During our conversation, Jenny rattled off a list of things we still don’t know about water bears, including basic facts about their life history. How long do they live? We don’t know because it’s often impossible to determine how much time they’ve spent as tuns. Tardigrades are hard to study. Many species don’t survive long in labs, and they also live accelerated lives—an egg transforms into a sexually mature adult in only two weeks. We also don’t have complete information about where they live. Some habitats have been explored, but we don’t have a full picture, nor do we have a good grasp on population densities in different habitats.
Like many invertebrates, tardigrades molt out of their skin as they grow. But they don’t only molt their skin; they also shed their mouthpart, called a stylet. Why do they do this? And how do they have the ability to regrow an entirely new mouth on a weekly basis? When they lay eggs, it’s usually between one and ten, but why does the number vary? Is it environmental or caloric? All of these questions just go to show that despite becoming famous, the tardigrade is still very much an animal of mystery. And even when we think we do know something, we can be thrown a curveball once in a while.

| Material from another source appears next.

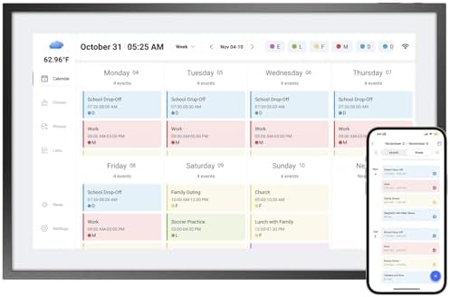 LOOFII 10.1" Smart Digital Calendar – HD Touchscreen Family Planner & Calendar with Chore Chart & Meal Planner (Black White)
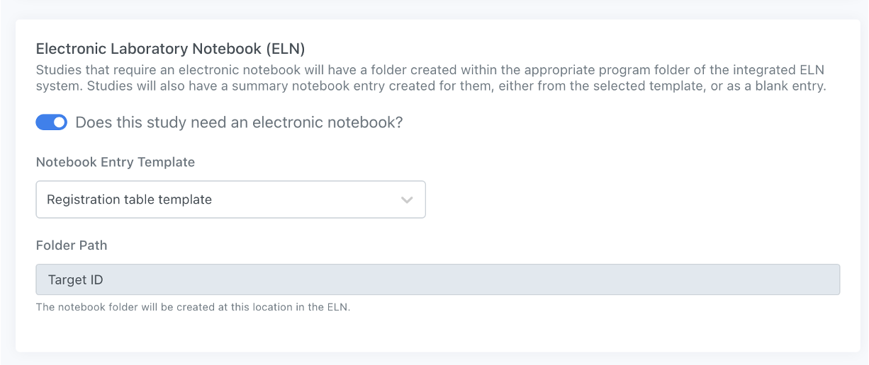 If the project you selected to associate your study with has a linked ELN project, your study will automatically receive a new ELN folder and summary notebook entry from a blank template. You can also choose to create this summary notebook entry from a registered template in your ELN system. Search-for and select the template you'd like to use from the 'Notebook Entry Template' dropdown.

At the time of my visit, Dr. Tenlen had recently finished a protocol and was awaiting her paper’s publication. But there was just one little problem. Scientists at a lab in Poland had their own paper in the pipeline regarding Dr. Tenlen’s lab species, which at that time was called Hypsibius dujardini. The question they were asking was this: Was Hypsibius dujardini actually Hypsibius dujardini? There may have been a translation error from the original French species description to Italian, causing a potential breakdown in the species identification. It was possible the Hypsibius dujardini species currently in labs around the world could actually have been an entirely different species. Such a simple question of identity, but with huge implications. Eventually, the lab in Poland found that, based on some anatomical differences, Hypsibius dujardini is actually Hypsibius exemplaris.